H2O node One VM instance running the H2O main class. One H2O node corresponds to one OS-level process. In the YARN case, one H2O node corresponds to one mapper instance and one YARN container.
H2O embedded web port Each Each H2O node contains an embedded web port (by default port 54321). This web port hosts H2O Flow as well as the H2O REST API. The user interacts directly with this web port.
H2O Internal communication port Each Each H2O node also has an internal port (web port+1, so by default port 54322) for internal node-to-node communication. This is a proprietary binary protocol. An attacker using a tool like tcpdump or wireshark may be able to reverse engineer data captured on this communication path.

Assumptions (threat model)

  1. H2O lives in a secure data center.
  2. Denial of service is not a concern.
    • H2O is not designed to withstand a DOS attack.
  3. HTTP traffic between the user client and H2O cluster needs to be encrypted.
    • This is true for both interactive sessions (e.g the H2O Flow Web UI) and programmatic sessions (e.g. an R program).
  4. Man-in-the-middle attacks are of low concern.
    • Certificate checking on the client side for R/python is not yet implemented.
  5. Internal binary H2O node-to-H2O node traffic does not need to be secured.
    • The customer is responsible for the H2O cluster’s perimeter security if this is a concern.
    • An example would be putting the nodes for an H2O cluster in a VLAN and opening up one port so user clients can reach the H2O cluster on the embedded web port.
  6. You trust the person that starts H2O to start it correctly.
    • Enabling H2O security requires specifying the correct security options.
  7. User client sessions do not need to expire. A session lives at most as long as the cluster lifetime. H2O clusters are started and stopped “frequently enough”.
    • All data is stored in-memory, so restarting the H2O cluster wipes all data from memory, and there is nothing to clean from disk.
  8. Once a user is authenticated for access to H2O, they have full access.
    • H2O supports authentication but not authorization or access control (ACLs).
  9. H2O clusters are meant to be accessed by only one user.
    • Each user starts their own H2O cluster.
    • H2O only allows access to the embedded web port to the person that started the cluster.

Data chain-of-custody in a Hadoop data center environment

Note: This holds true for all versions of Hadoop (including YARN) supported by H2O.

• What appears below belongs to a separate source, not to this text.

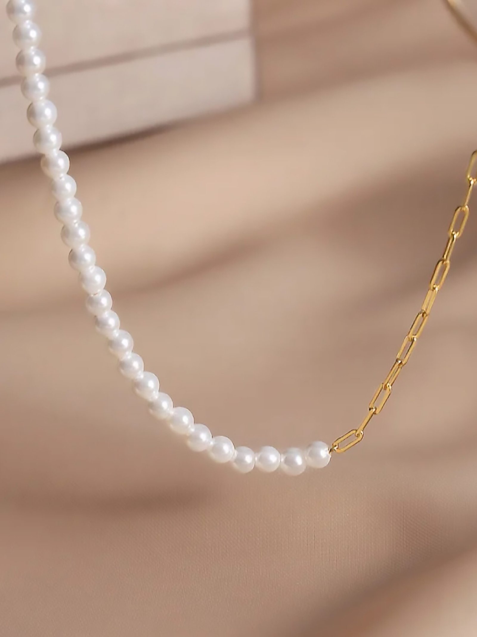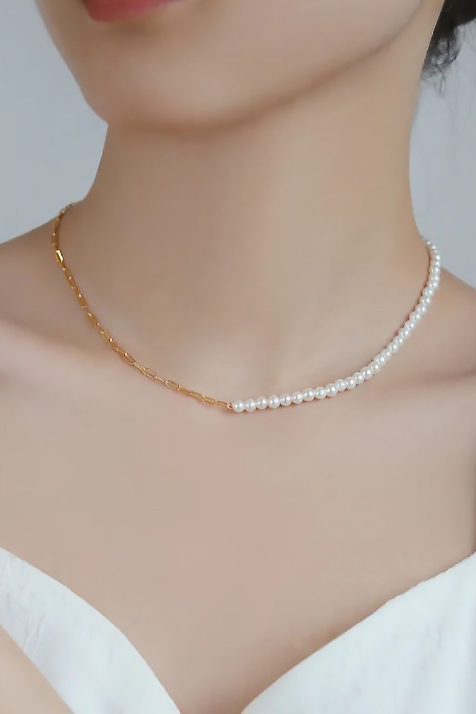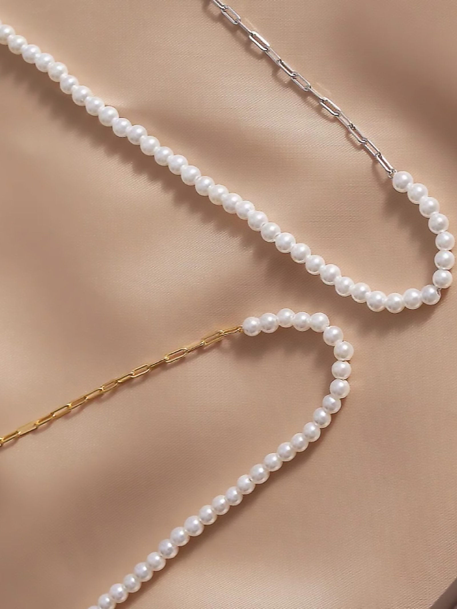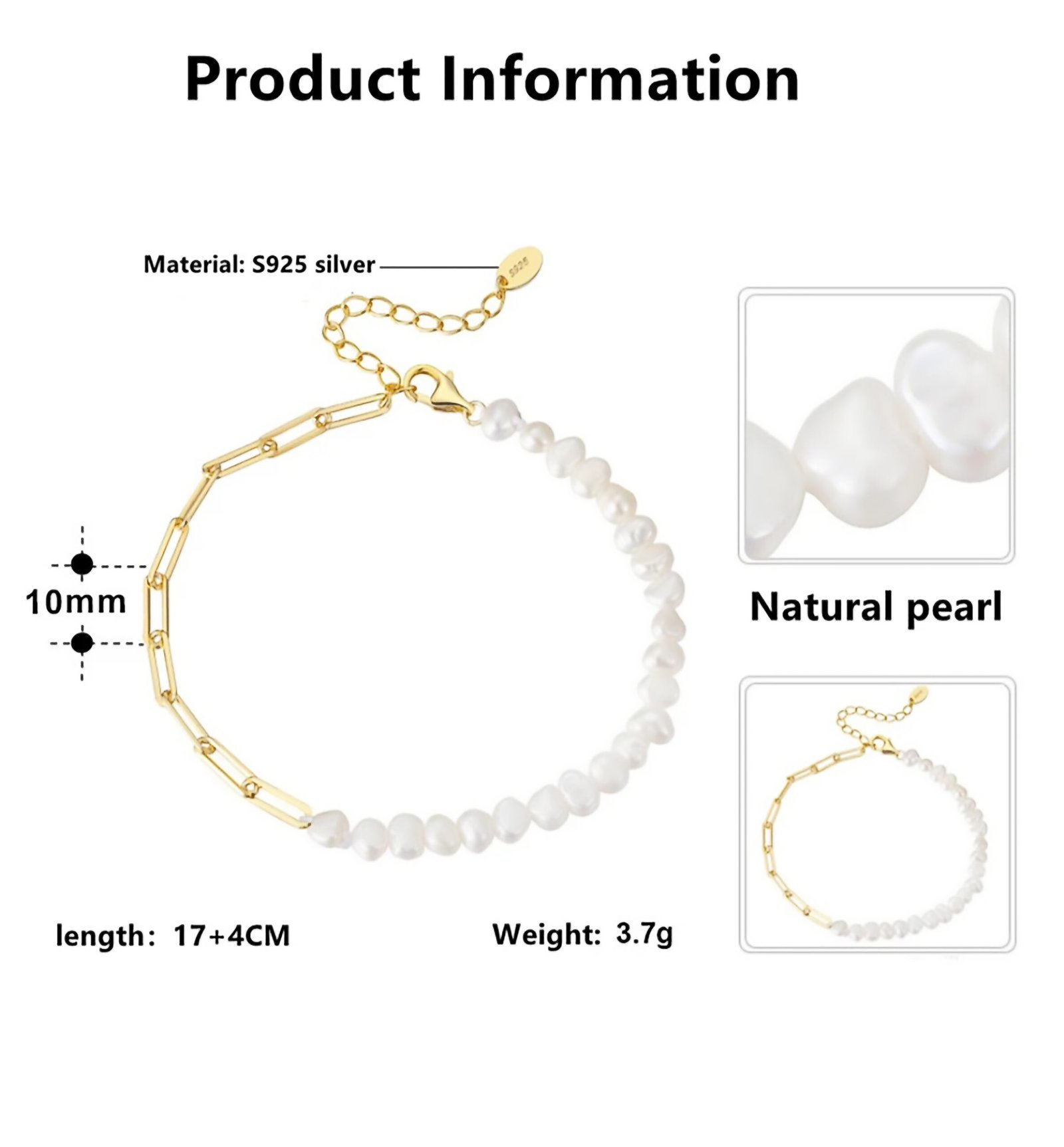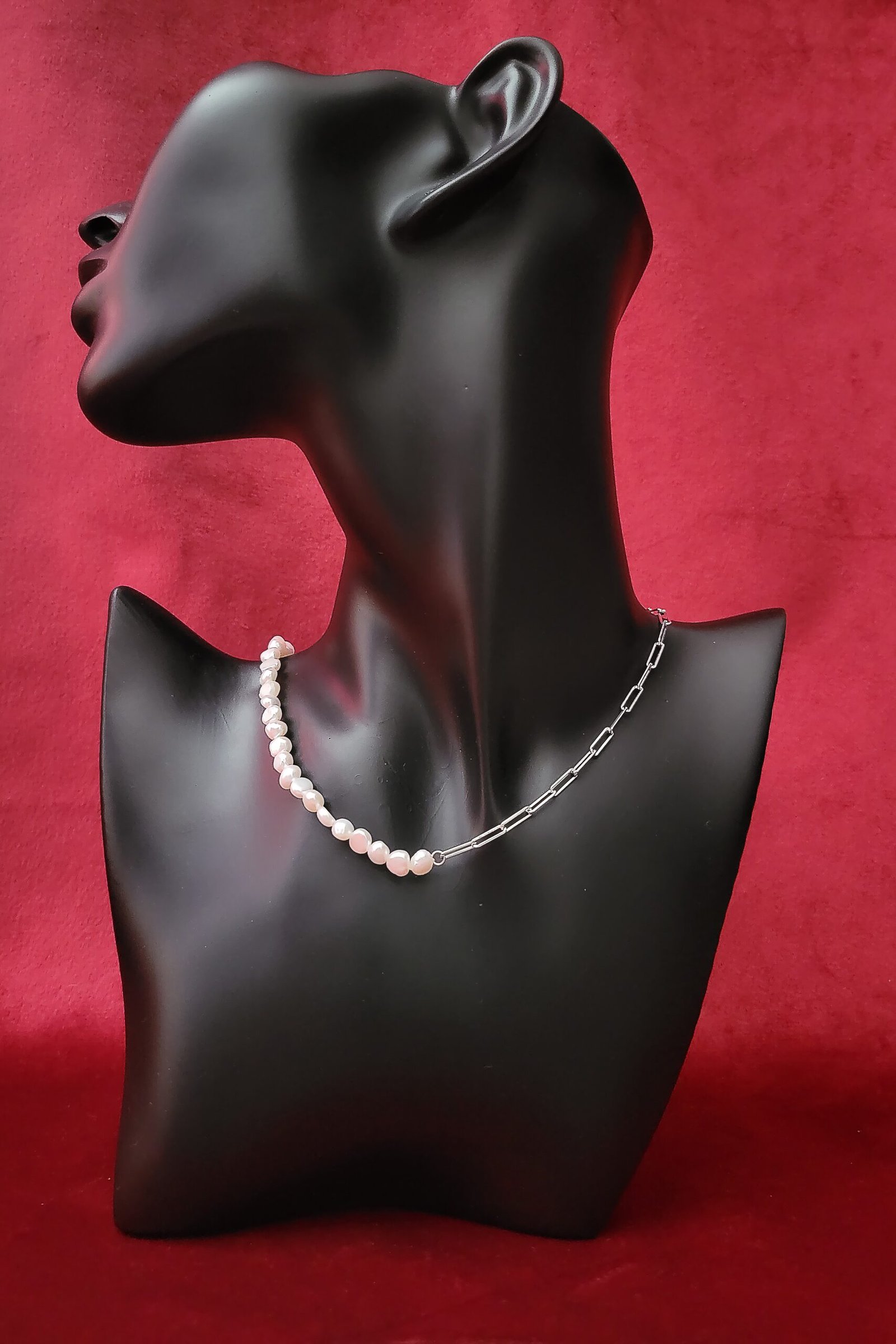 Materials: Cultured natural freshwater pearls 10-11mm, comes in two colours chain: 14k gold plated & silver-plated
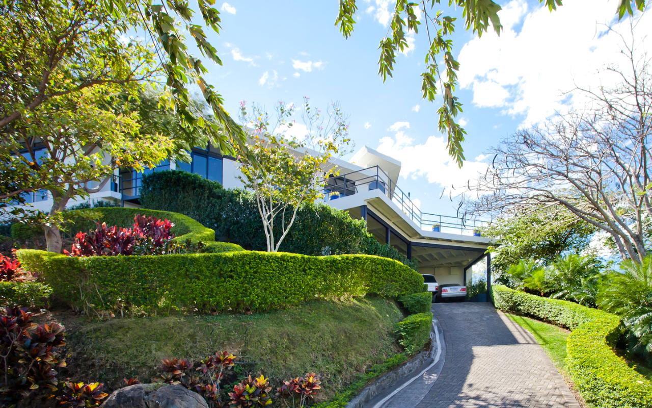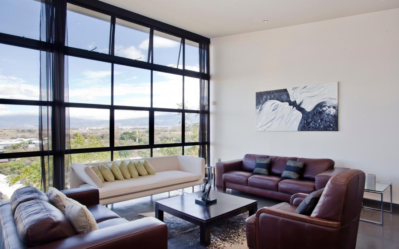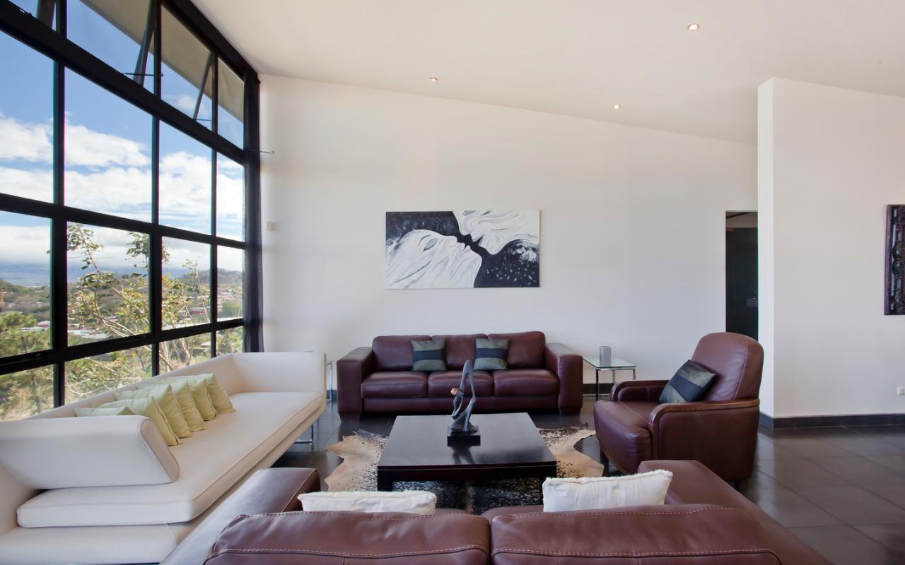 ID# 115463. Contemporary house with pool for sale in Santa Ana, 425 sqmt construction, 3.175 sqmt land, 3 bedrooms, 4 baths, US$699.000. Amazing 2-story house featuring a supreme modern design, where vast natural light flows throughout and a spectacular view turns all heads around. Expansive terrace and pool deck, ideal for entertaining. The house has an open floor plan with integrated kitchen, for a very large social area. On both sides of the social space there are full bedrooms, one has large walk-in closet. In a lower level there’s the pool, terrace, guest room, and access to the wonderful garden. The upper level is entirely reserved for the master suite. It has walk-in closet, walk-in shower and a private walk-out terrace overlooking the pool and with amazing panoramic views. The property has prime location, only 10 minutes away from Santa Ana and Escazú, cities that harbor the finest restaurants, shops, private schools and entertainment venues.

Through this sequence, it is shown that a user is only able to access the same data from H2O that they could already access from normal Hadoop jobs.

  1. Data lives in HDFS
  2. The files in HDFS have permissions
  3. An HDFS user has permissions (capabilities) to access certain files
  4. Kerberos (kinit) can be used to authenticate a user in a Hadoop environment
  5. A user’s Hadoop MapReduce job inherits the permissions (capabilities) of the user, as well as kinit metadata
  6. H2O is a Hadoop MapReduce job
  7. H2O can only access the files in HDFS that the user has permission to access
  8. Only the user that started the cluster is authenticated for access to the H2O cluster
  9. The authenticated user can access the same data in H2O that he could access via HDFS

What is being secured today

  1. Standard file permissions security is provided by the Operating System and by HDFS.
  2. The embedded web port in each node of H2O can be secured in two ways:
Method Description
HTTPS Encrypted socket communication between the user client and the embedded H2O web port.
Authentication An HTTP Basic Auth username and password from the user client.

Note: Embedded web port HTTPS and authentication may be used separately or together.

What is specifically not being secured today

  • Internal H2O node-to-H2O node communication.

File Security in H2O

H2O is a normal user program. Nothing specifically needs to be done by the user to get file security for H2O. Operating System and HDFS permissions “just work”.

Standalone H2O

Since H2O is a regular Java program, the files H2O can access are restricted by the user’s Operating System permissions (capabilities).

H2O on Hadoop

Since H2O is a regular Hadoop MapReduce program, the files H2O can access are restricted by the standard HDFS permissions of the user that starts H2O.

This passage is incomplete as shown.